Коньков только головой покачал.
– Ну и язва ты, Малыш! Хочешь по-русски? Пожалуйста – не ко двору пришелся. Или рано родился, или с запозданием – кто его знает.
– Почему?
– А потому! Больно горяч и ретив. Законы требовал исполнять строго и всеми без исключения.
– Ну и удивил! А ты чем занимаешься? Тоже с нарушителями закона борешься.
– Я за уголовниками гоняюсь, голова – два уха. А он брал шире и выше… Искал общественного согласия, гармонии… Истину в законе пытался постичь. Вот послушай его записи!
И Коньков стал вычитывать из тетрадей страницы, которые были заложены клочками газет.
– «Национальное богатство складывается не из чудом раскопанных кладов. Оно обеспечивается передачей наследия от одного поколения – следующему. Не зря прежние старики ревниво следили за каждой упавшей со стола крупицей. А мы транжирим все, сорим, кидаем направо и налево. Какой-то примут землю внуки из наших рук? Что они скажут про нас?»
– Интересно! – сказала Елена.
– А вот еще запись. – Коньков открыл следующую заложенную страницу и прочел: – «А Семен плут…»

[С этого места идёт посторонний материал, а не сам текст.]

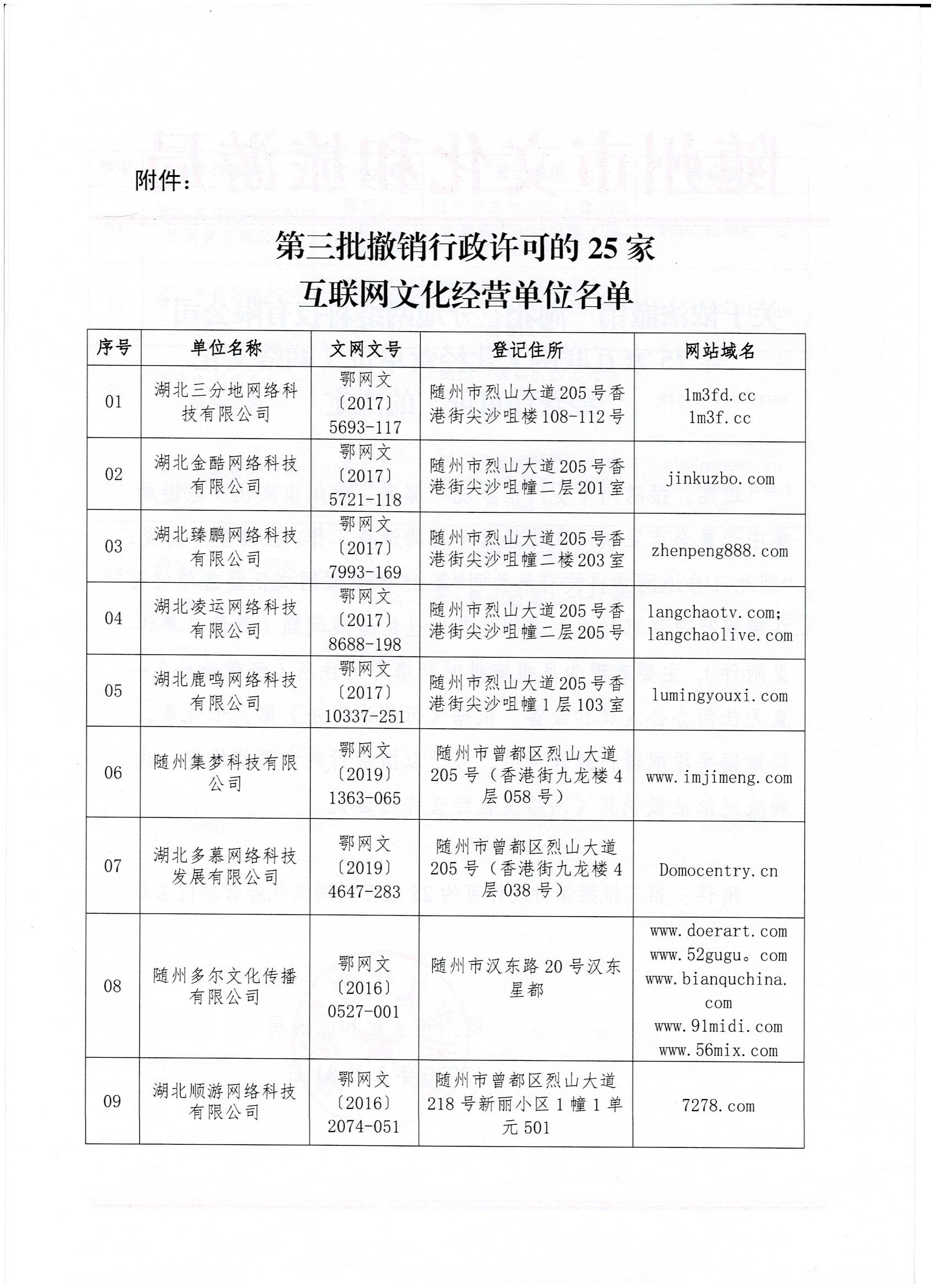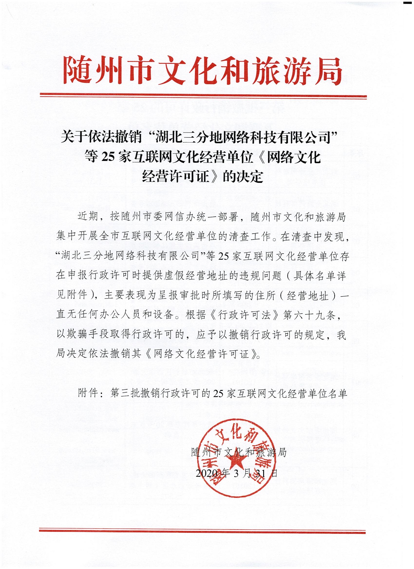 關于依法撤銷“湖北三分地網絡科技有限公司”等25家互聯網文化經營單位《網絡文化經營許可證》的決定》

– Кто такой Семен? – перебила его Елена.
– Дункай, председатель артели. Слушай! «Получил он телеграмму от Лысухина и спрятал. Но мне почтарь выдал текст: «Опять нарушаете поголовье отстрела. Просить вас надоело. Предупреждаю в последний раз». Ах ты боже мой! Прямо не охотоуправитель, а классная дама. Просить надоело!.. Да знаешь ли ты, холера тебе в брюхо, что это браконьерство – тот же разбой?! Вон Швеция берет в год по тридцать тысяч голов лося. А мы по всей России того не набираем. И хуже будет. Хуже! Ну, доберусь я до этого Лысухина. Вот только из тайги выберусь…»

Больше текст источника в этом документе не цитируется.